> _DATA SUPPLIED_

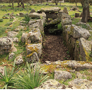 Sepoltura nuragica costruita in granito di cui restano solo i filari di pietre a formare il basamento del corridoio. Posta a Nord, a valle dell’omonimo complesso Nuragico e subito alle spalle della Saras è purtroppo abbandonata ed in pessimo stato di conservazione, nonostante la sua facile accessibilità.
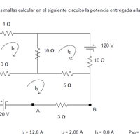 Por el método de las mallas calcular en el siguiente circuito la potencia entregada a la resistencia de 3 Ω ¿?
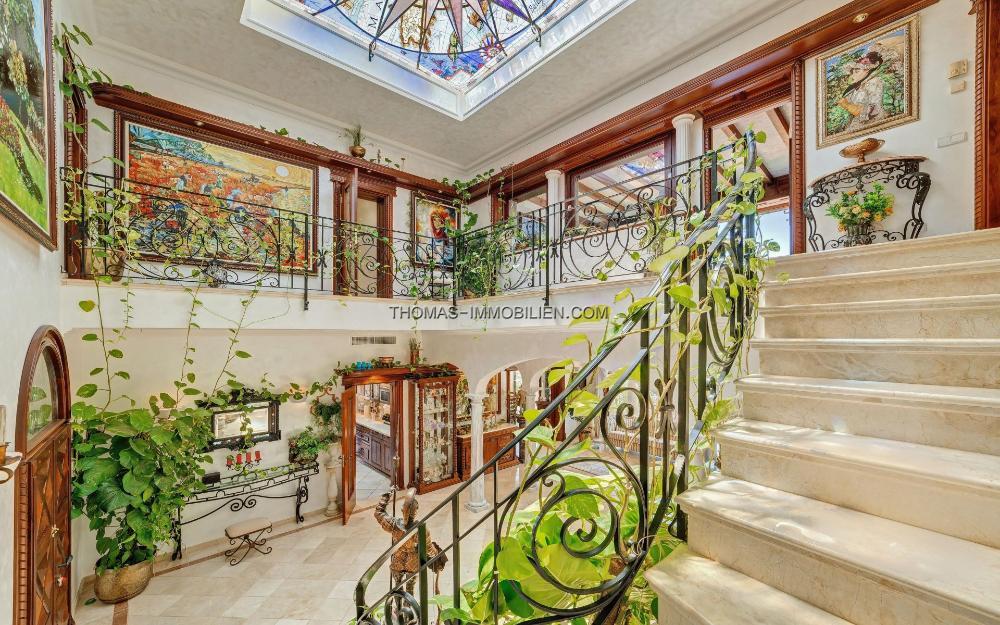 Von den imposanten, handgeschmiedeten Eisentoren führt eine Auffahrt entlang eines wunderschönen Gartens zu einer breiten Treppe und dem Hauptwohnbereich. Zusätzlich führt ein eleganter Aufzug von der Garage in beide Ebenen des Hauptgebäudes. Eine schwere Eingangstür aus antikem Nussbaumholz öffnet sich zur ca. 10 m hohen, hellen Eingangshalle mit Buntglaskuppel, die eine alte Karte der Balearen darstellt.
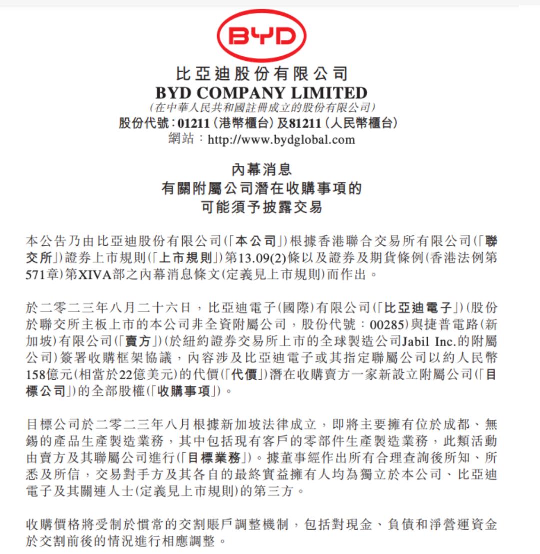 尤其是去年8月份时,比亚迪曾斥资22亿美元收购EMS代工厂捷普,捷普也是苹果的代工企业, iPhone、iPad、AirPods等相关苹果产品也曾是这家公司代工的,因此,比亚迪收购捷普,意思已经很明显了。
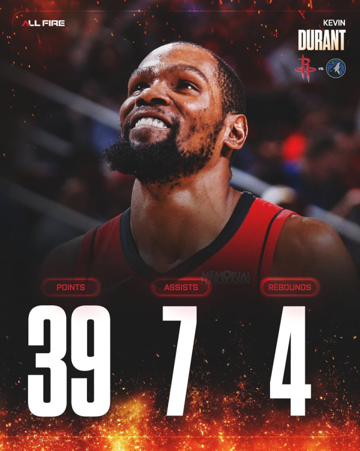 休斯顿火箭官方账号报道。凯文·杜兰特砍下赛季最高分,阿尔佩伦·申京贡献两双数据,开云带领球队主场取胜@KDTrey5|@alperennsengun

> _EXERCISE DESCRIPTION_
Exactly as written, please give again the lines from the beginning of the listing through the line containing "Por el método", inclusive, without any pictures.

> _RESPONSE FOR THIS EXERCISE_
 Sepoltura nuragica costruita in granito di cui restano solo i filari di pietre a formare il basamento del corridoio. Posta a Nord, a valle dell’omonimo complesso Nuragico e subito alle spalle della Saras è purtroppo abbandonata ed in pessimo stato di conservazione, nonostante la sua facile accessibilità.
 Por el método de las mallas calcular en el siguiente circuito la potencia entregada a la resistencia de 3 Ω ¿?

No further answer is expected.